*Brief*
Here is a listing, set out below; repeat its lines from the one with "Mivolis Magnesium Effervescent" to the last, both included, and leave out the pictures.
START Information supplied
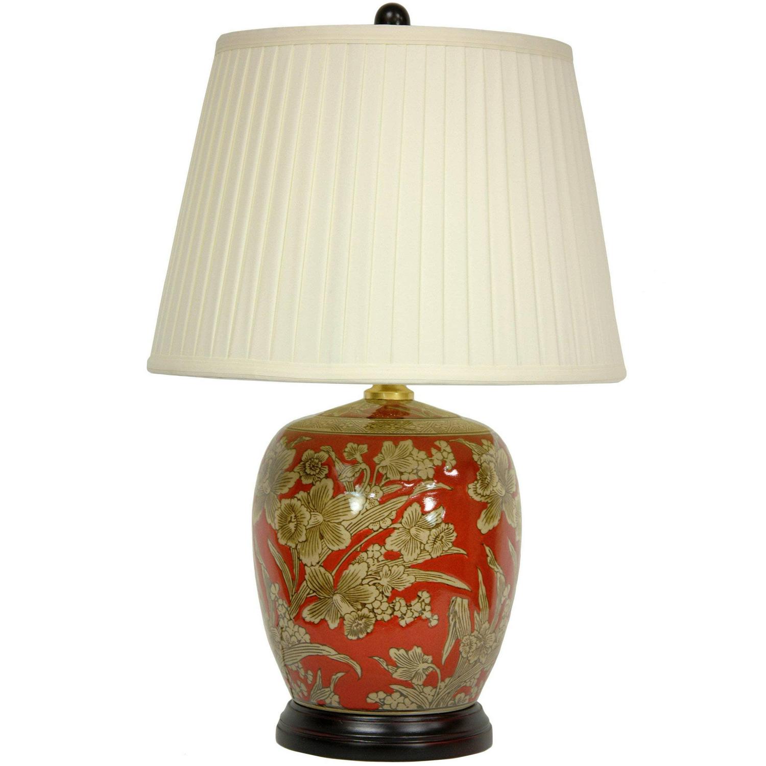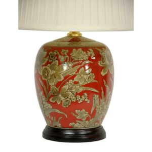 Melon jar shaped porcelain ceramic lamp in a rich red color with an intricate floral pattern in beige and brown. Lamp is mounted on a round rosewood base and ships with a pleated white lamp shade and decorative finial. UL approved hardware uses standard U.S. light bulbs, either fluorescent or incandescent.
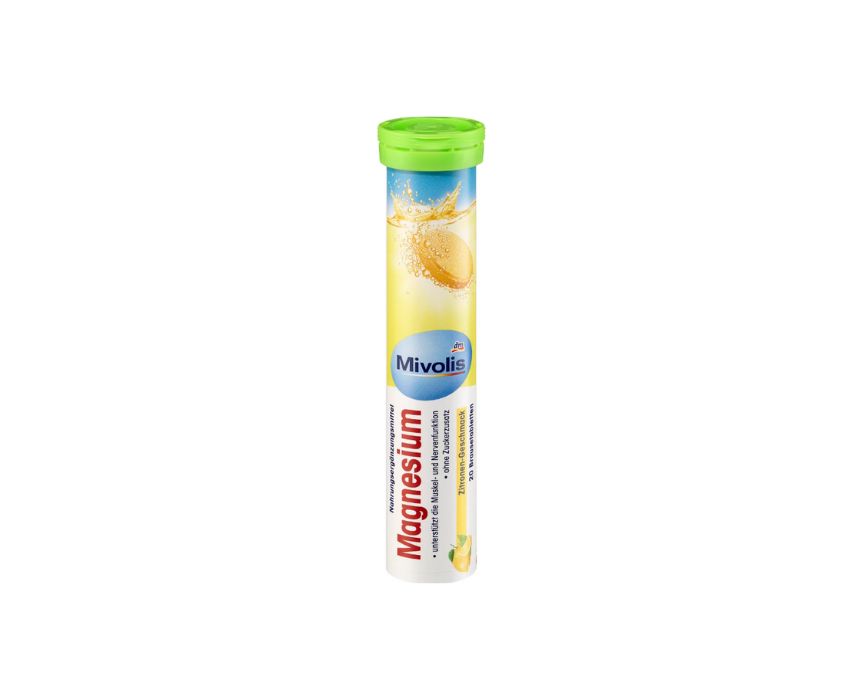 Mivolis Magnesium Effervescent Tablets (20 pcs., 82 g) support normal muscle and nerve function, making them ideal for active lifestyles or times of increased physical demand. With a refreshing lemon flavor and no added sugar, each tablet delivers essential magnesium in a convenient, fast-dissolving form. Simply dissolve one tablet daily in water and enjoy as part of your wellness routine.
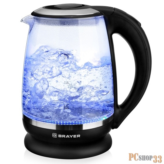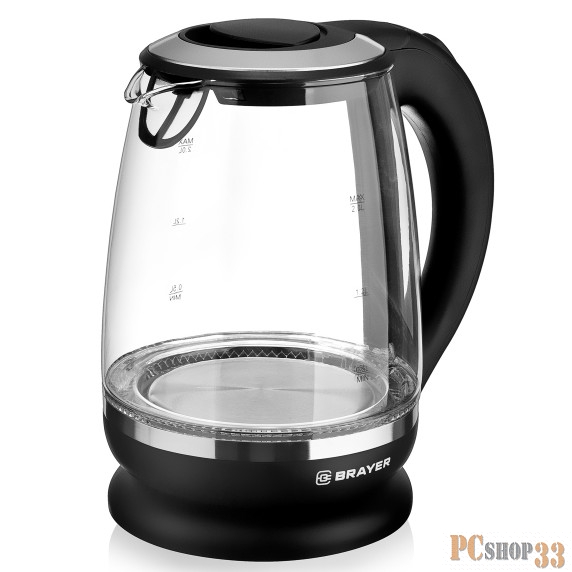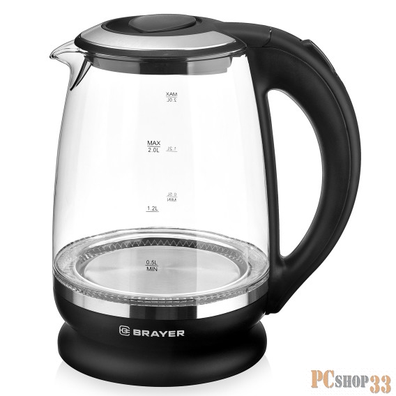 [Чайники BRAYER] BRAYER 1044BR-BK Чайник электрический, 2200 Вт, 2 л, автооткл, подсветка, моющ. фильтр, повор. осно
END Information supplied
*Response box*
 Mivolis Magnesium Effervescent Tablets (20 pcs., 82 g) support normal muscle and nerve function, making them ideal for active lifestyles or times of increased physical demand. With a refreshing lemon flavor and no added sugar, each tablet delivers essential magnesium in a convenient, fast-dissolving form. Simply dissolve one tablet daily in water and enjoy as part of your wellness routine.
 [Чайники BRAYER] BRAYER 1044BR-BK Чайник электрический, 2200 Вт, 2 л, автооткл, подсветка, моющ. фильтр, повор. осно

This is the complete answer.